This text was translated from the Czech web page http://www.krystofovoudoli.cz/turistika/obec/kostel.htm, copyright Petr Holub. The images shown here also come from this web page.

Mass - June to Sept.        every Sunday at 16:30     

Mass - Oct. to May         last Sunday of the month at 15:30  

Tourists and other visitors can visit the church every half hour before the beginning of Mass. At other times, groups can arrange for the church to be opened by Mr. Lada, who has a ceramics workshop at the rectory. Telephone 048/282 03 31.

The wooden Church of Saint Christopher is a unique monument with a rich history. The church stands in the centre of the cemetery, on a hill on the bank of the Rokytka River, and was built during the period of 1683 - 1684 , following which, an older wooden church on the facing hillside was removed. The builder of this early baroque shrine was a simple carpenter, Michal Schobel from Zibridice, whose name was later included in the memorial list. It is the single preserved log building with a slate roof in our county. The walls and ceiling of this church are decorated with 15 paintings from the life of Christ. In the presbytery there are the remains of some original early baroque paintings. The effect of the interior space is enlarged by airy rococo paintings. A walled vestry was erected behind the altar space in 1781 based on a proposal by J. Kunze from Liberec.[1]
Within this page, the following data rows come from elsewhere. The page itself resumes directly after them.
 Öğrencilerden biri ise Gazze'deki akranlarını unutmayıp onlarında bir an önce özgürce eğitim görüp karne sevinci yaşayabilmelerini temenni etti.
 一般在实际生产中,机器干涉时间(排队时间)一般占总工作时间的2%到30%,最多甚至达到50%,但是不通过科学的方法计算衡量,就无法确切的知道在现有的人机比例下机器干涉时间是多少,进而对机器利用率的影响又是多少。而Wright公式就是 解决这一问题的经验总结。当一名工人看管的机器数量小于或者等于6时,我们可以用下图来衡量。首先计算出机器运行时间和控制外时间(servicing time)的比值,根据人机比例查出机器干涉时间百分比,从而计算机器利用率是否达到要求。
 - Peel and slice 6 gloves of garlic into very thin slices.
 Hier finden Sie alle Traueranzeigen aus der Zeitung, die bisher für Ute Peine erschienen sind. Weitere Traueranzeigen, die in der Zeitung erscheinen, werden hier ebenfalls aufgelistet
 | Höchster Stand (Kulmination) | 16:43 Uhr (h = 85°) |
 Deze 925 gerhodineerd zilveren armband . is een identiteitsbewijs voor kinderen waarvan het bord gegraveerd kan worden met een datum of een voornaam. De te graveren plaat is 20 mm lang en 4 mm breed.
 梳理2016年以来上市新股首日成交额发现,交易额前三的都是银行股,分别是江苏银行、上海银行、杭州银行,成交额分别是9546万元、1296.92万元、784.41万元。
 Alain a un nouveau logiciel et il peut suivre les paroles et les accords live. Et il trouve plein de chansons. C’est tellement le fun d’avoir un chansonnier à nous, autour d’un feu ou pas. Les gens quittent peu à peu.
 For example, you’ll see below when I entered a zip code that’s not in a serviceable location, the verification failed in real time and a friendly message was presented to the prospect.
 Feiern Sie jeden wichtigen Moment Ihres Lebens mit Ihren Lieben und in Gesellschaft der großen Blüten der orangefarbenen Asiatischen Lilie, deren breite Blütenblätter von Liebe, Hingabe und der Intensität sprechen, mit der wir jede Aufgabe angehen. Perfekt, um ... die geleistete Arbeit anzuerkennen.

The path leading to the church passes over a stream along a vaulted bridge of hammer faced stone, with a statue of Saint John curving around a sandstone statuette of St. Wenceslas from 1763. The statuette bears the inscription: "S.WENCESLAY SAMBT DEINER H. GROSS MUTTER LUDEMILLA BITT FUR UNS " (Saint Wenceslas together with your holy grandmother Ludmila, pray for us). The rectory is a single floored building with a mansard roof, constructed in 1768.[2] One enters the cemetery through a vaulted gate. To the right is the mortuary and belfry, with a shingled roof. In 1754, it was renovated and upgraded with three bells and a death-bell. The last repairs were made during the summer of 2000, when the belfry received a new coat.

The Mortuary and Dance of Death (Totentanz) [1]
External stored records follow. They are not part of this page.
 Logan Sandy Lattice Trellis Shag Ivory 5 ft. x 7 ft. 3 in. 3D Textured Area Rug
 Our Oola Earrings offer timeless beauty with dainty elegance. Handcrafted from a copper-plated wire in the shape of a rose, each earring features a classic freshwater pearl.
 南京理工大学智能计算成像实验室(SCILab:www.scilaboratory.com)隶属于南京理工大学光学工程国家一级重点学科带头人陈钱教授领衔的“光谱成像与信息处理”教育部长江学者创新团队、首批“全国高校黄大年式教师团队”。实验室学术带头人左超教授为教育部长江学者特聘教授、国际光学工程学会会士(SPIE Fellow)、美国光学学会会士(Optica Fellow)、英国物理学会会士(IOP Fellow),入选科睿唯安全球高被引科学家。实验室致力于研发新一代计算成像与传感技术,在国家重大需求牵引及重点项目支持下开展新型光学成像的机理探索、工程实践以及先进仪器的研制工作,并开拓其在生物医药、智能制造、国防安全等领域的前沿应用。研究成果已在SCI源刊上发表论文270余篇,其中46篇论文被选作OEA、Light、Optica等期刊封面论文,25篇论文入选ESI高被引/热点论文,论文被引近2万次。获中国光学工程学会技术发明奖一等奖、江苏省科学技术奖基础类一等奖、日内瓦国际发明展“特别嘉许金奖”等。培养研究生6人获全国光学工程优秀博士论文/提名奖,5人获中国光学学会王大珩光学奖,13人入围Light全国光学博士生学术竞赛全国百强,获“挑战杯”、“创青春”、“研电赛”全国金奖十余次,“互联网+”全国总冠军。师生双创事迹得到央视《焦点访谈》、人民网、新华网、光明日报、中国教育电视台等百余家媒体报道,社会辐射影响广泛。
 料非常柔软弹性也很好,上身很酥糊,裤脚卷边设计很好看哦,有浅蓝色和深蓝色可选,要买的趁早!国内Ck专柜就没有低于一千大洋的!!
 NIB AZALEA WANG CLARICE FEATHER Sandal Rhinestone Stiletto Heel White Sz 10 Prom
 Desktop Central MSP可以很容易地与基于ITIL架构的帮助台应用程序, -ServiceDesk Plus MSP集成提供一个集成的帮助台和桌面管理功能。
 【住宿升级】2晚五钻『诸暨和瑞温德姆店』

An interesting feature of the cemetery was the mortuary, built against the wall. Inside was a small altar with a picture of the dying Saviour with John and Mary, painted on wood. On the lower edge was the inscription: "Father, in your hands I lay my soul". From 1846 there stood before the pillars of the altar a wooden carved scene overlayed with painted flowers. Angels on the scene carry a folk maxim about the vanities of the world. On the cornice there was small, late baroque cartouche with a scene of the Resurrection. The altar originated from the end of the 17th century and the scenes are folk works. Ancient paintings were discovered beneath the plaster, dating to the period of the church's construction.
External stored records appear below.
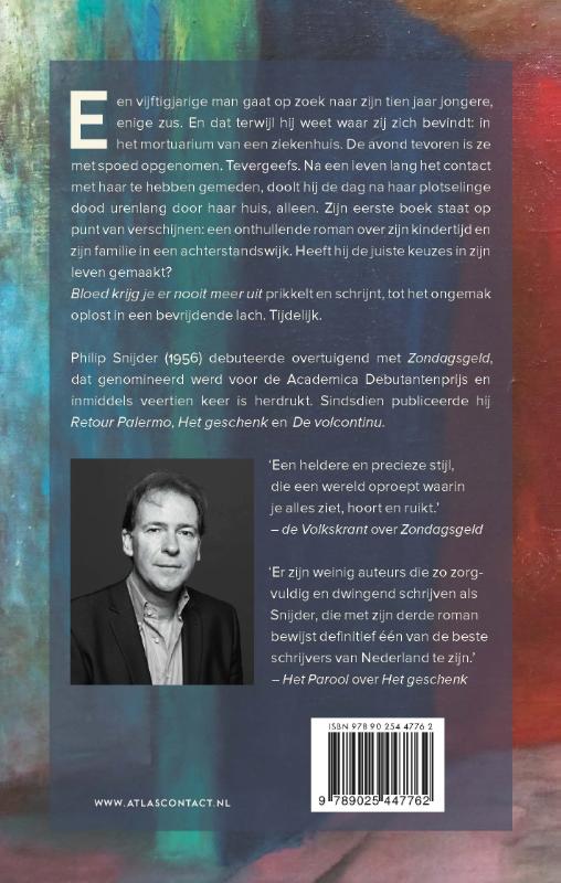 In 'Bloed krijg je er nooit meer uit' van Philip Snijder gaat een vijftigjarige man op zoek naar zijn tien jaar jongere, enige zus. En dat terwijl hij toch weet waar zij zich bevindt: in het mortuarium van een ziekenhuis. De vorige avond is ze met spoed opgenomen. Tevergeefs. De dag na haar plotselinge dood doolt hij urenlang door haar huis, alleen, zoals hij dat tegelijkertijd doet in zijn herinneringen - aan haar, en aan zijn eigen zelfzuchtige afzijdigheid bij haar ondergang. Ondertussen staat zijn eerste boek op punt van uitkomen: een onthullende roman over zijn kindertijd en zijn familie in een achterbuurt. 'Bloed krijg je er nooit meer uit' prikkelt en schrijnt zoals het treurigstemmende leven van zijn zus schuurt, tot het ongemak oplost in een bevrijdende lach. Tijdelijk.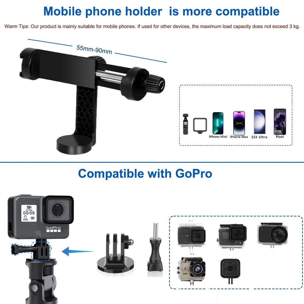 【Suport pentru telefon si adaptor Go Pro】Trepiedul nostru selfie stick este special conceput pentru smartphone-uri si camere de actiune, este un partener ideal pentru a surprinde momente de neuitat. Suportul pentru telefonul mobil inclus poate fi ajustat de la 5,5 cm la 9 cm in dimensiune, care poate gazdui telefoane mobile mari si este potrivit pentru majoritatea telefoanelor mobile. Rasuciti usor butonul din partea de sus pentru a-l deschide. Exista doua placute moi din silicon pentru a proteja telefonul, astfel incat sa nu va faceti griji cu privire la zgarierea suprafetei.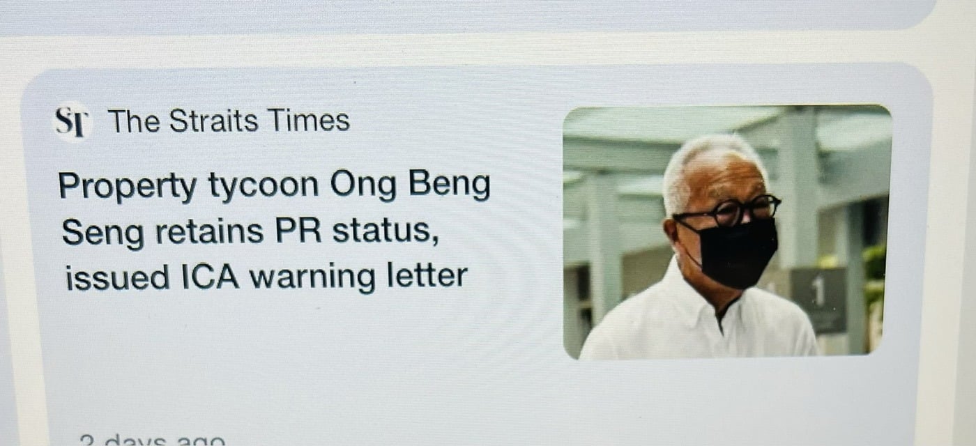 Attached to the post was a screenshot of a The Straits Times (ST) article titled “Property tycoon Ong Beng Seng retains PR status, issued ICA warning letter“.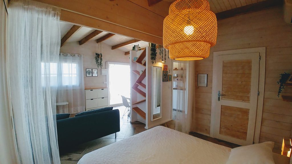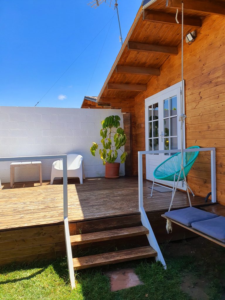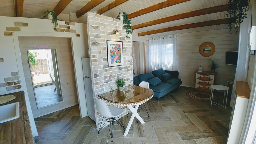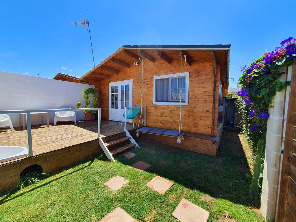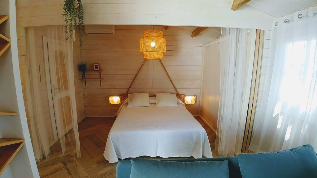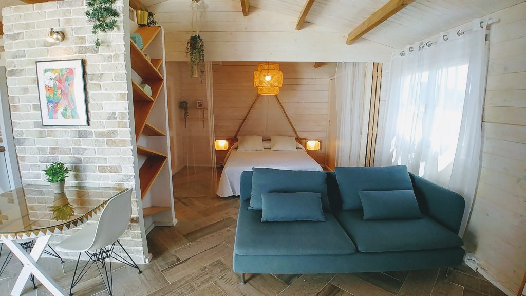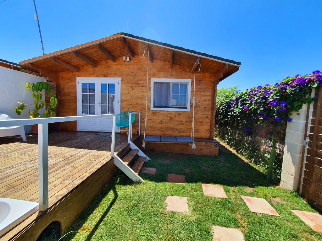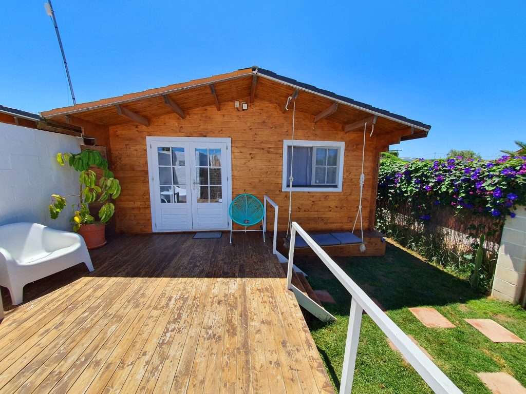 Luminosa cabaña situada en el Palmar de Vejer, a unos 10 minutos a pie de la playa. La cabaña de 36 m² es un espacio abierto (excepto el baño), equipada con cama de matrimonio de 150 cm (queen size), sofá de tres plazas, si lo hace cama es individual. Capacidad para 3 adultos o dos adultos con dos niñ@s pequeñ@s.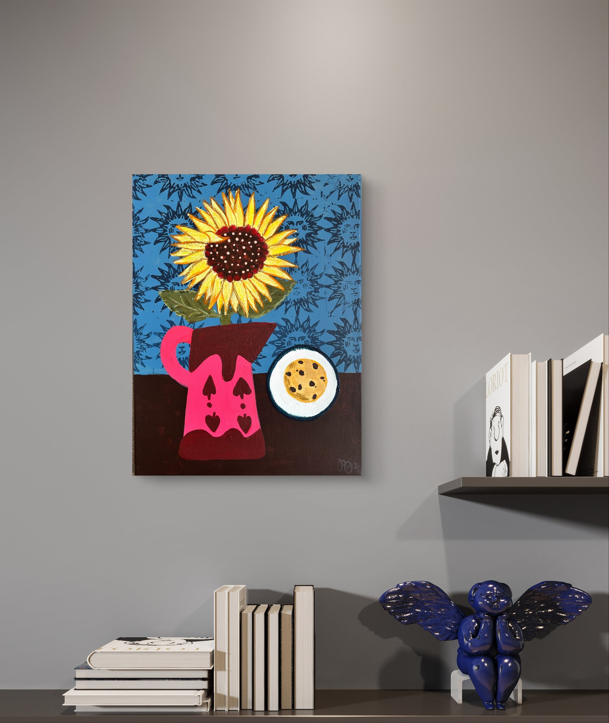 A playful pairing of sunflowers and a cookie, brought to life through Paula’s hand-block printing. Acrylics and oil pastels give the canvas a textured, vibrant finish.

The rarest, however, was the cycle of eight painted plaques, hung on the walls of the mortuary and bearing the title of "Tanec Smrti" (Dance of Death). This series dates most likely from the middle of the 16th century. At that time, it was customary to decorate mortuary walls with scenes depicting the end of our earthly life,  to remind all mortals of the transient nature of their own lives. The mortuary in Christopher's Valley was probably not the first place where these eight plaques hung. This has been inferred by an inscription on one of the plaques, saying that it was donated by Johann Richter, a wealthy townsman from Budysín (Bautzen), where the plaques may have originally hung. The fact that it had been restored earlier lends support to this theory.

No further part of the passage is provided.